Screenshot of the Explorer view in AI Guard. The view includes charts that show assessment verdicts, blocked events, and span duration, in addition to information about each input.

Additionally, the AI Guard Playground offers you the opportunity to test how the guardrails work with different user inputs. The output identifies the decision by AI Guard and lists the detected violation categories, such as jailbreak attempts, instruction override, and data exfiltration, with corresponding confidence probabilities.

Screenshot of the AI Guard Playground and its output of tags and tag probabilities in response to user inputs.

AI Guard also lets you create monitors that analyze AI Guard spans so that you can receive notifications about blocked attacks and unsafe prompts.

Enable AI Guard without adding new infrastructure

AI Guard uses Datadog’s existing instrumentation foundation, so you can activate protections without deploying new gateways or introducing new architectural components. In-app instrumentation is available through the Datadog Agent and the Datadog Tracer (dd-trace).

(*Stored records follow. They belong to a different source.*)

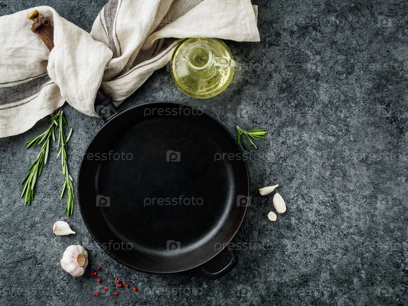 Пустая чугунная сковорода на темно-сером бетонном фоне, вид сверху, пустое место для текста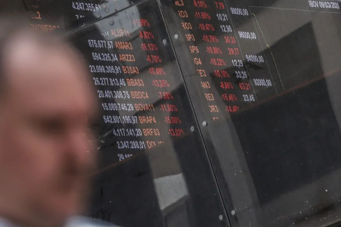 3月9日 ,巴西圣保罗,一名男子经过证券交易所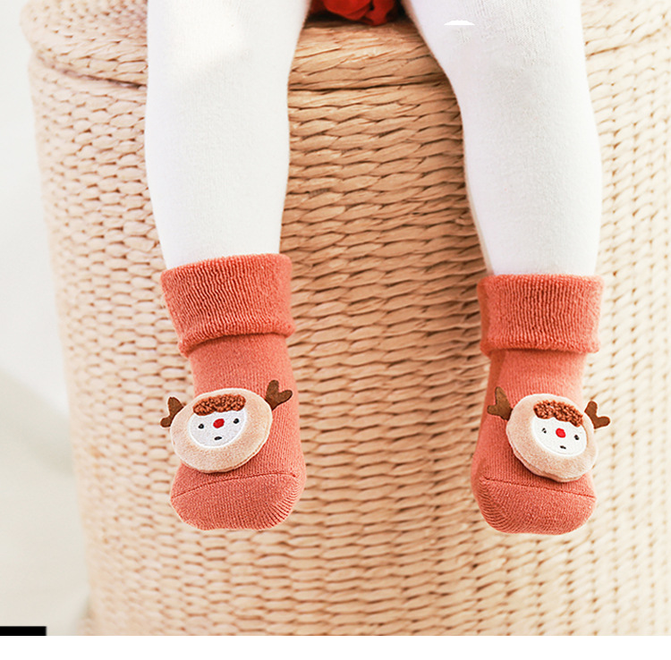 겨울 새로운 테리 두꺼운 아기 양말 분배 미끄럼 방지 아기 바닥 양말 어린이 크리스마스 만화 인형 양말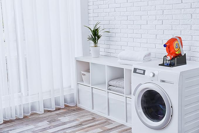 - [All-in-One Laundry Detergent Cup Holder Stand]: This smart laundry soap dispenser for liquid detergent is designed for total convenience. This laundry organizer for detergent gives you a place for your bottle and cup in one tidy space. It even works as a fabric softener dispenser, making laundry day smoother than ever.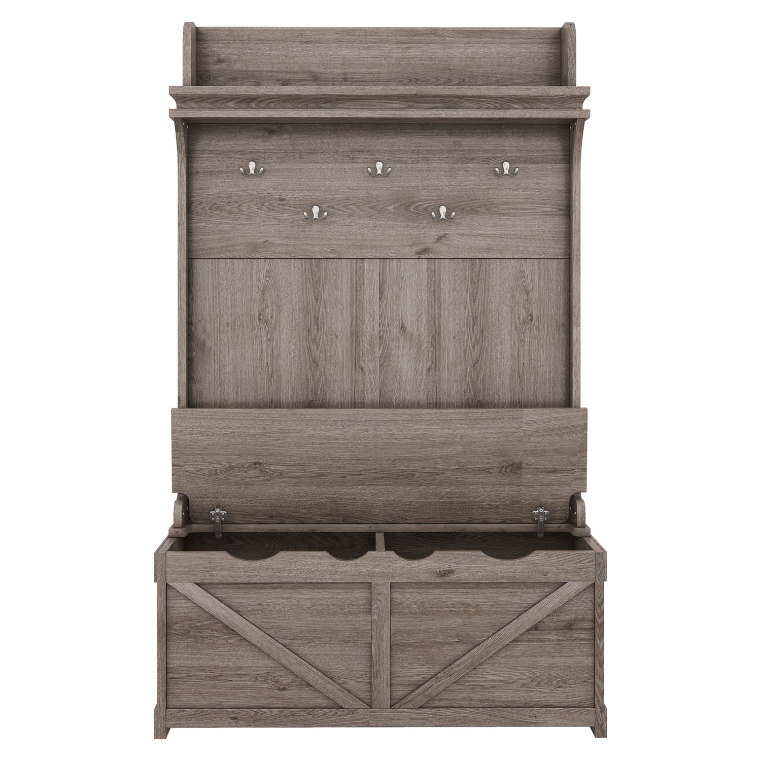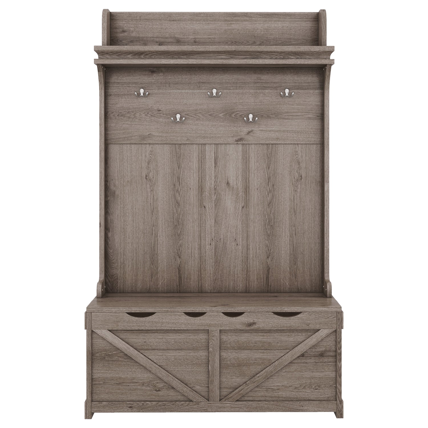 Organize and decorate your entryway with this hall tree, which will provide plenty of storage space for your entryway items. Featuring a stylish design, this hall tree is suitable for all décor and will add elegance to your home.

If your services already use the Agent and dd-trace for Datadog Application Performance Monitoring (APM), you can enable AI Guard by updating your tracer configuration. Evaluator results generate AI Guard traces integrated with APM traces, giving you visibility into prompts, responses, and tool call decisions alongside the telemetry data that you already use for troubleshooting. When LLM Observability is enabled, these AI Guard traces are automatically linked to the corresponding LLM Observability trace, letting you jump directly to it for deeper investigation. AI Guard supports Python, Ruby, JavaScript, and Java in addition to offering a flexible integration for custom setups.

Start improving your visibility and control of agentic AI

AI Guard provides a real-time security layer for AI-driven applications and agents. By evaluating prompts, responses, and tool calls in context, it helps teams reduce the risk of prompt injection, data leakage, and harmful tool usage while maintaining flexibility for developers to innovate with AI capabilities.